Hoy sabemos que Descartes se equivocó en el dualismo mente-cuerpo, y que Kant se
equivocó en su apreciación de que la lógica ya no se desarrollaría más y que el
espacio y el tiempo son absolutos. Pero el impulso que dieron en filosofía a lo que se
llama modernidad es indiscutible y se correspondió con la actitud de los iniciadores de
lo que consideramos nuestra ciencia occidental. Lo que ahora conocemos comenzó a
forjarse entonces gracias al ya citado cambio de mentalidad que se esparció por
doquier y permitió, por ejemplo, que Darwin (y también Wallace) propusiese con su
teoría de la evolución de las especies lo que ha constituido la teoría básica de la
biología. Se sabe que su propuesta originó un debate con los que aún se aferraban a
viejas concepciones.
Pero las cosas no se han mantenido con el enfoque adecuado para el progreso del
conocimiento. Hoy, cuando ya se cumpliría el sesquicentenario de ese debate sobre
las ideas de Darwin y cuando podría esperarse que haya una mayoría en pro de la
ciencia, la controversia entre creacionistas y evolucionistas persiste (o ha resurgido)

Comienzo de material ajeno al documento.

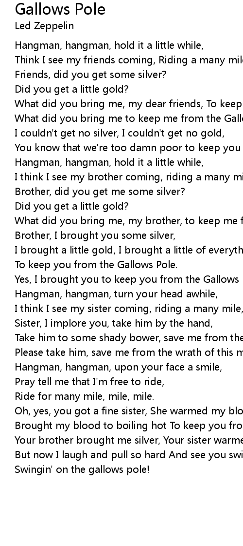 But now I laugh and pull so hard And see you swinging on the Gallows Pole |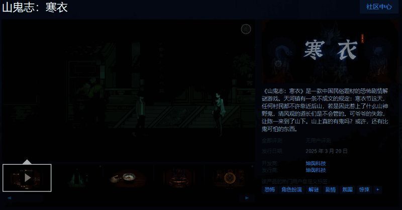 今日(12月17日),国产恐怖剧情解谜游戏《山鬼志:寒衣》Steam页面开放,2025年3月20日发售,感兴趣的玩家可以点击此处进入商店页面。
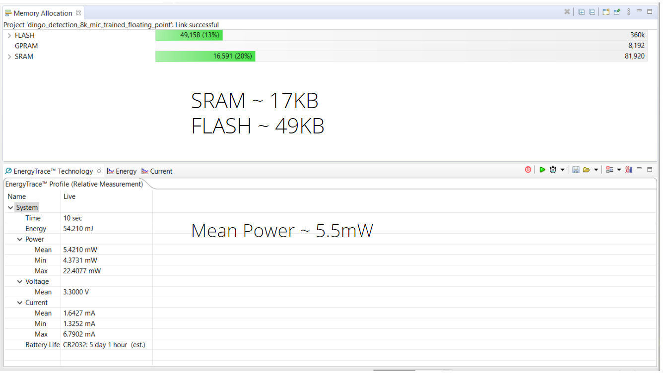 The Template SVM algorithm is implemented on TI's CC1352 chip (LAUNCHXL-CC1352R1) which has ARM Cortex M4F processor working at 48MHz. We have leveraged the TI-RTOS features in-order to have fine-control over the pooling of hardware resources, power and memory optimizations.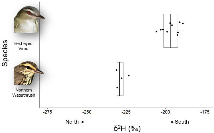We used t-tests to compare stable hydrogen and stable carbon isotope values between the two species with presumed local-origin fat (Northern Waterthrush, Red-eyed Vireo) to test whether two species that presumably foraged and assimilated fat in the same location showed comparable stable-isotope values.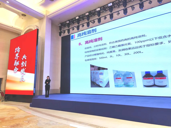 在本次論壇設置的路演環節,杜總系統介紹了康科德的發展歷程、技術優勢與產品體系、質控體系以及產品在各領域應用案例;闡述了公司在高純試劑領域的持續創新與布局,展現了康科德助力行業實現“國產化替代”與“技術升級”的綜合實力。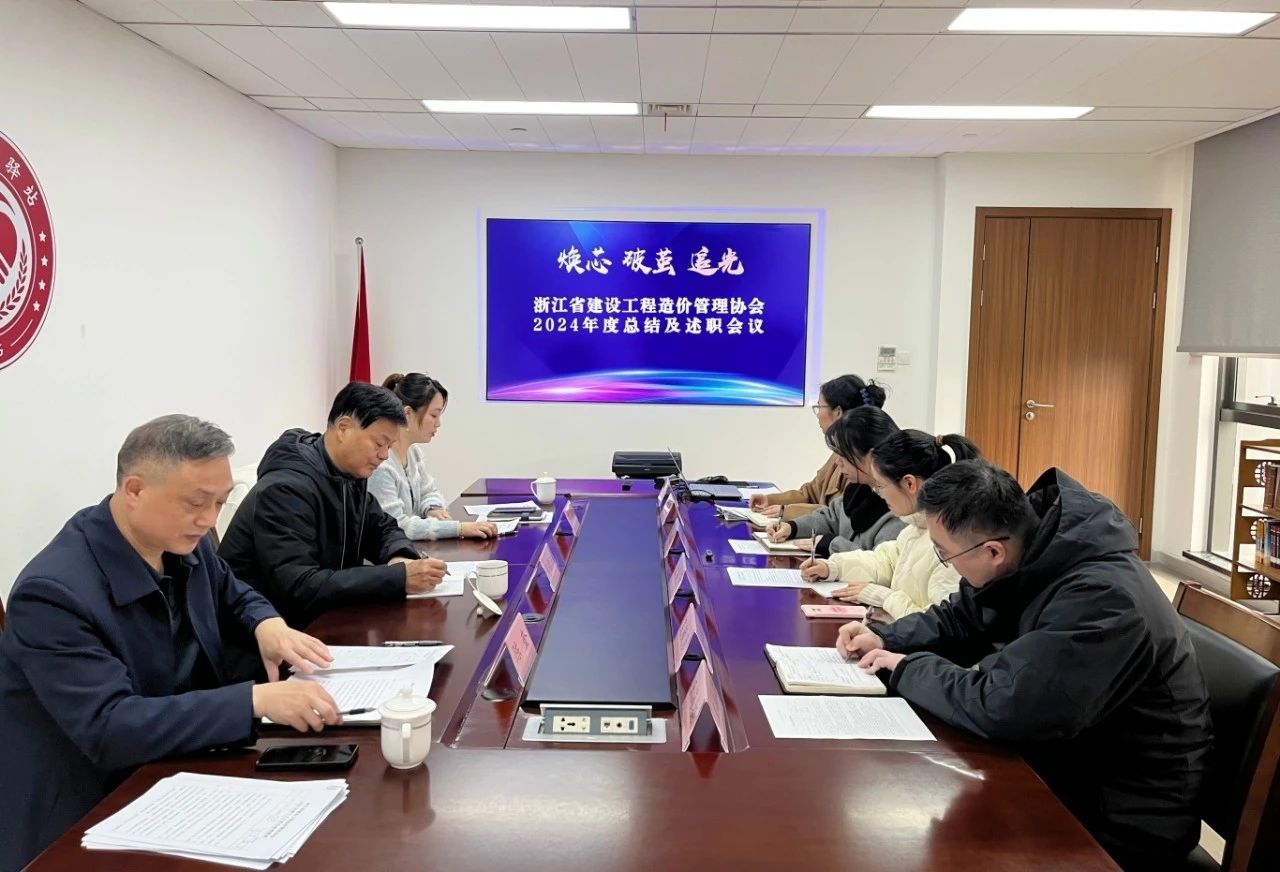 浙江省建设工程造价管理协会2024年度总结暨表彰会议在杭召开。会议以习近平新时代中国特色社会主义思想为指导,认真学习浙江省两会会议精神,传达了浙江省住房和城乡建设工作的会议精神,回顾总结2024年工作,全面部署2025年工作。协会领导及秘书处全体工作人员出席会议,会议由副会长兼秘书长陈奎主持。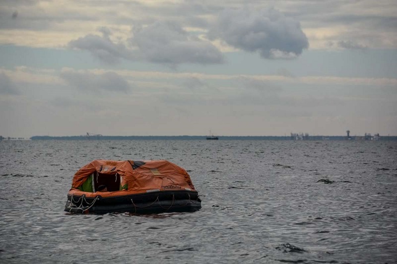 Długotrwałe przebywanie w indywidualnych i zbiorowych środkach ratunkowych to także obowiązkowe szkolenie, jakie odbywają załogi okrętów w ramach zajęć z ratownictwa morskiego.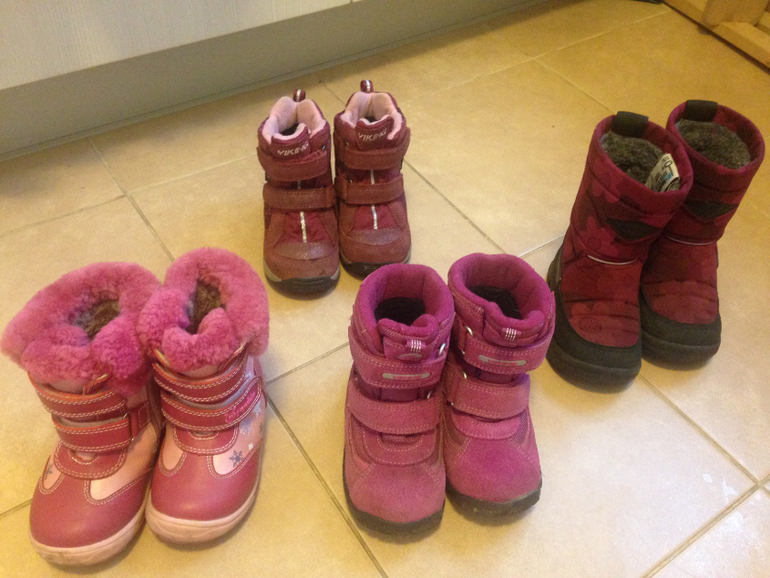 1. Сапоги зимние 24 размер Puuhtu (Финляндия), натуральная кожа, натуральный мех, в идеале, мех даже не примят, брала в детском мире, одеты один раз-было, как видите, много обуви этого размера - 2000 р.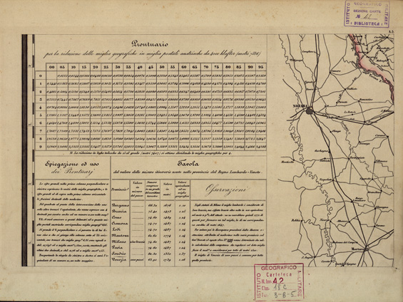 "... DIVISA IN 48 FOGLI SULL'AMPIA SCALA DI 1:172.800 DEL NATURALE COLL'INDICAZIONE DELLE DISTANZE CHE CORRONO DA PAESE A PAESE SEGNATE SOPRA OGNI TRONCO DI STRADA IN MIGLIA GEOGRAFICHE ITALIANE DA 60 AL GRADO. COMPILATA DA ALESSANDRO MARIDATI. RIVEDUTA E AUTENTICATA DAI SINGOLI I. I. R. R. UFFICI PROVINCIALI DELLE PUBBLICHE COSTRUZIONI. MILANO 1858. Bella carta tratta da nitida incisione su rame stampata in nero con confini politici a colori. L'orografia è dimostrata a mezzo di fine tratteggio a luce obliqua. Alcuni dei fogli contengono piante delle città principali con annesso elenco numerico delle costruzioni principali. Altri contengono tabelle statistico-amministrative, elenchi delle coordinate dei luoghi più importanti, quadri e notizie intorno alla navigazione dei canali, i servizi ferroviari e telegrafici, ecc., il foglio E2 contiene una "Tavola dimostrativa in 1/4 il numero delle poste stabilito dell'una all'altra stazione nel Regno Lombardo Veneto colle relative competenze in base alla vigente tariffa". Due copie."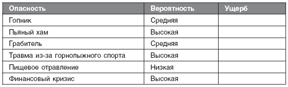 В итоге должна получиться таблица. В левом столбце вы перечисляете «свои» опасности, в следующем – их вероятность.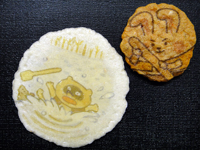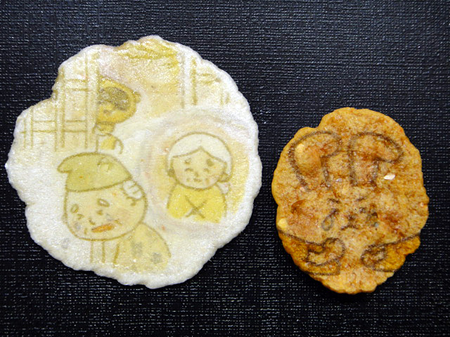中身には3つの袋がはいっていて、1袋に1シーンがえびせんに描かれていて、3つでひとつの物語が完成します。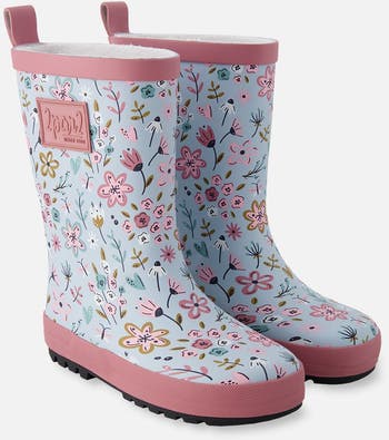 Our natural rubber rain boots in blue with mini flower print are designed to keep little feet dry and comfortable through every puddle adventure. Crafted from 100% natural rubber, they feature a cute allover print, and a fine plush lining for extra warmth and softness. BPA, phthalate, and PAH free, these waterproof boots are a safe and durable choice for all.

en los países de mayor fanatismo religioso como los Estados Unidos (donde se calcula
el número de creyentes en alguna religión en cerca del 90%, aproximadamente lo
mismo que en países del Islam). Una encuesta de julio de 2005 publicada en el New
York Times reveló que el 42% de los norteamericanos cree en el “diseño inteligente”,
es decir, que la vida es demasiado compleja como para que haya surgido por
casualidad sin un ser consciente en su origen y que las especies son exactamente
iguales a como eran en el comienzo de los tiempos, o sea, casi la mitad de los
estadounidenses adhiere al fijismo de las especies. Y casi dos tercios de la ciudadanía
de ese país comparte con su presidente, George W. Bush, la idea de que
evolucionismo y creacionismo deben ser enseñados como teorías científicas
alternativas. Como contrapartida, la revista Nature publicó a principios de setiembre
que se ha terminado de decodificar el genoma del chimpancé, el pariente vivo más
cercano del ser humano, y la comparación de aquel genoma con el humano muestra
que la diferencia entre ambos es de menos de 1,5%. ¿Cómo se explica que el político
más poderoso del mundo ignore de tal manera la ciencia? Creo que para contrarrestar
ese peligro bárbaro habría que reforzar la confianza en la propuesta en pro del
conocimiento que se formulaba en la era moderna.
Por eso celebramos la aparición de esta revista electrónica y compartimos lo que se
dice en sus objetivos: “En síntesis: queremos indagar en profundidad la modernidad
como etapa histórica, como propuesta y, en definitiva, como concepto histórico clave
para la comprensión de nuestro presente.”

Horacio Faas es profesor e investigador en la Universidad Nacional de Córdoba.